January 21, 2018 at 3:29 pm (Book clubs, Book review, books, Short stories)

  Miss Grief and Other Stories by Constance Fenimore Woolson was my choice for our discussion, but I was having a very difficult time getting the presentation to come together in a satisfactory manner.

This volume consists of a foreward by Colm Toibin, an introduction by the editor Anne Boyd Rioux, and a selection of seven  stories. The stories were carefully chosen to represent the different aspects and settings of Woolson’s oeuvre: “St. Clair Flats”(1873)  is set in the Great Lakes Region; “Solomon”(1873), in eastern Ohio; “Rodman the Keeper'(1877), in North Carolina; “Sister St. Luke”(1877), in Florida; “‘Miss Grief'”(1880) in Rome; “A Florentine Experiment”(1880) in Florence, Italy; and “In Sloane Street”(1892) in London.

I asked the group – AAUW Readers by name – to read the foreward, the introduction, and four of the stories: “St. Clair Flats,” “‘Miss Grief’,” “A Florentine Experiment,” and “In Sloane Street.”

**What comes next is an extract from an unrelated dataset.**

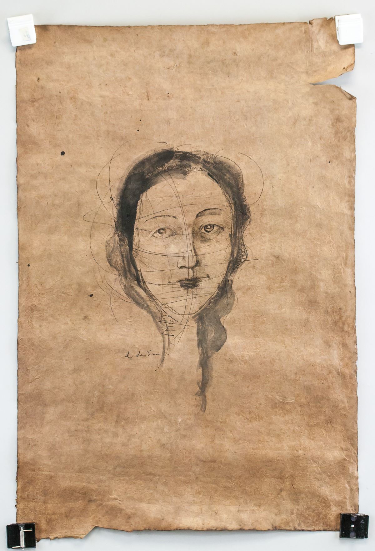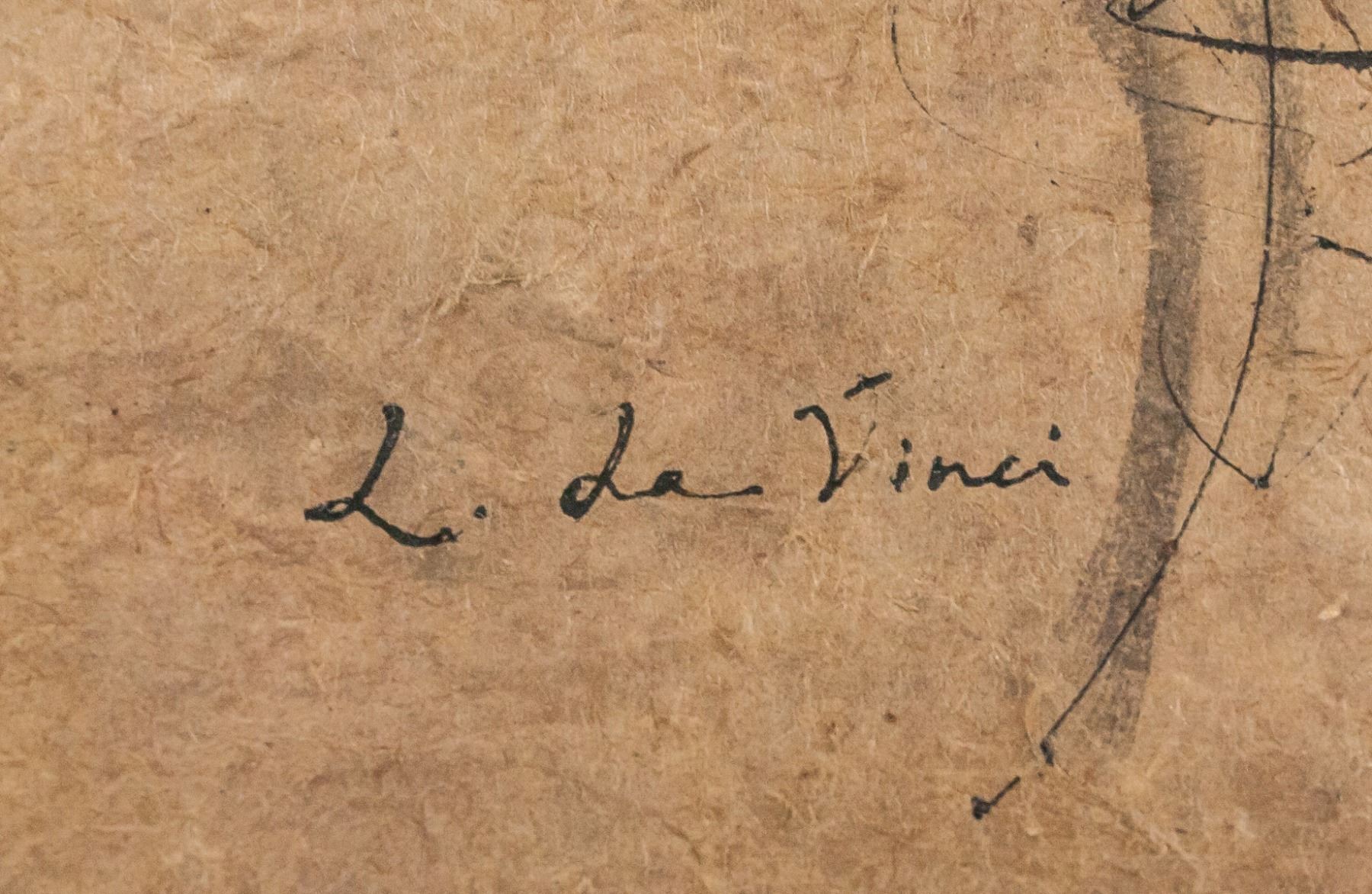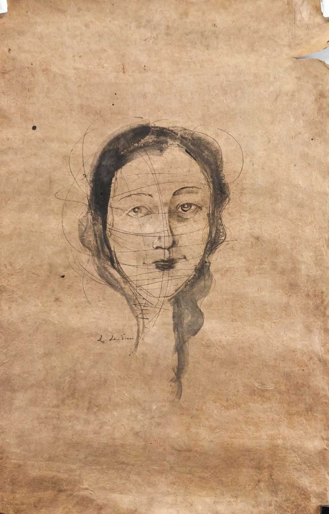 Ink on paper. Featuring portrait sketch of a woman. Signed "L. da Vinic" beneath the image. Label affixed to verso reads "Leonard da Vinci". Stamped with "TO Louis Berger PARIS" on verso. Attributed to Leonardo da Vinci (1452-1519, Italian). 75 x 50 cm (29.5 x 19.75 in). Provenance: This lot carries limited provenance from a Southern Italian estate

In her introduction, Anne Boyd Rioux reveals enough of Woolson’s biography for us to know that she lived a somewhat peripatetic, restless life, always trying to stay true to her writer’s art while fighting off the wolves of encroaching penury. Rioux’s final paragraph made my heart ache:

Woolson’s works deserve wider attention today, not only for the way they broaden our understanding of late-nineteenth-century American literature, but also for the way they capture both the social texture of her time and the inner emotional lives of her characters. Her works contradict our assumptions about women’s writing from that era, for Woolson did not seek recognition as a woman writer but as a writer. Thus she often tread on masculine territory in her work, while never trying to simply mimic the successes of her male peers. She sought instead to show them what was missing from their views of humanity, broadening the scope of literature to include the heartaches and triumphs of those most often overlooked, such as impoverished spinsters, neglected nuns, self-sacrificing wives and widows, uneducated coal miners, and destitute Southerners. Most of all her writings reflect what is deeply human in all of us, particularly our need to be loved, to be understood, and to belong, none of which are easily accomplished in her stories, or in life.

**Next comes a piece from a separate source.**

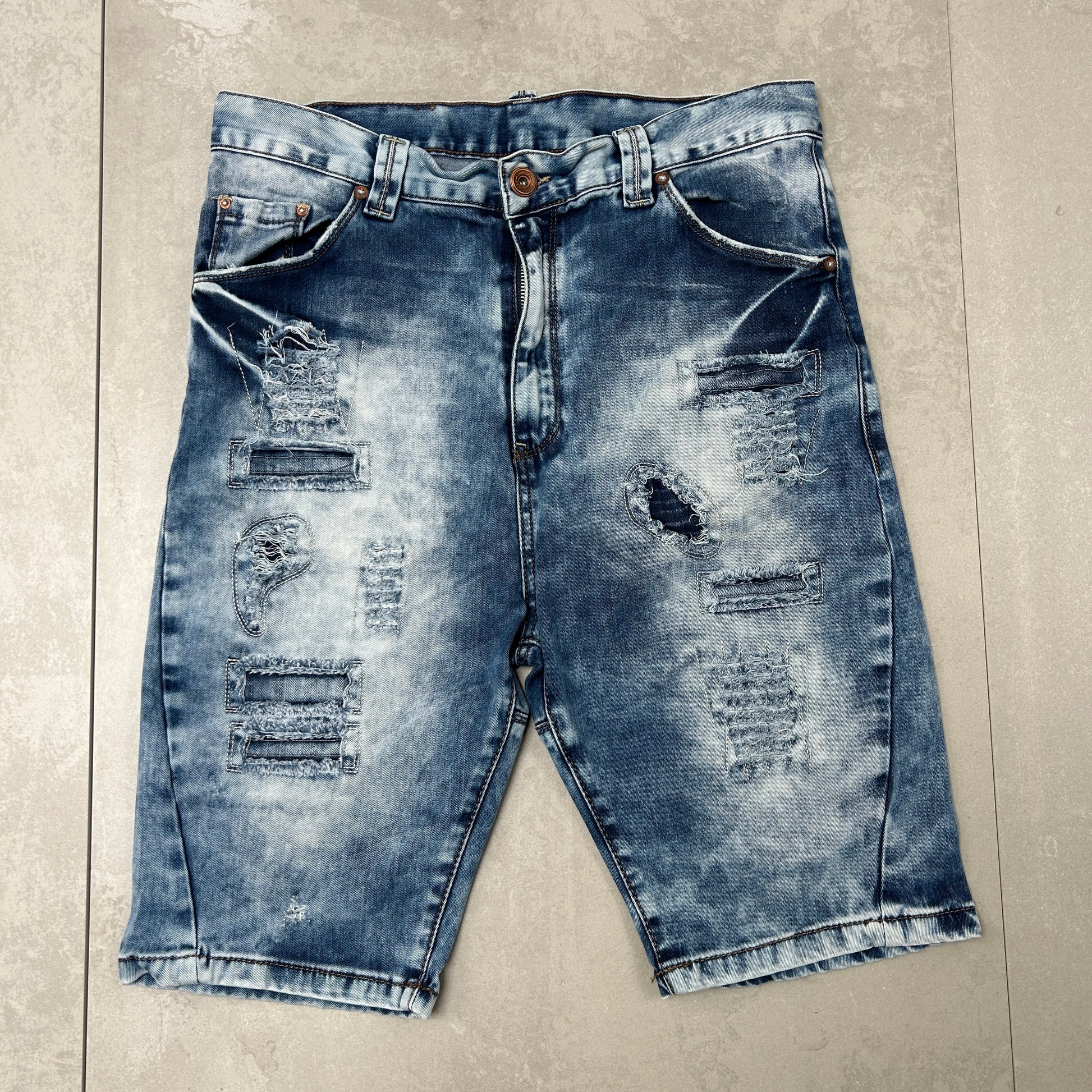 Vintage Embroidered Hip Hop Blue Shorts Jorts - 34

The most famous of the ‘male peers’ Woolson was trying not to imitate was Henry James. They met when both were living in Florence. James was generous and companionable with his fellow writer, even though Woolson’s encroaching deafness made it difficult for her to socialize. (Included in their close Florentine circle were composer Francis Boott, his daughter Lizzie, a painter, and her husband Frank Duveneck, also an artist. I began our discussion by recounting the way in which I most unexpectedly encountered a scion of the Duvenecks this past November in Northern California. For more on this curious confluence, read “The Nature of California.”)

“St.Clair Flats” was the first story I ever read by Constance Fenimore Woolson. (And yes she came by that middle name honestly: James Fenimore Cooper was her great-uncle.) I fell under its enchantment at once.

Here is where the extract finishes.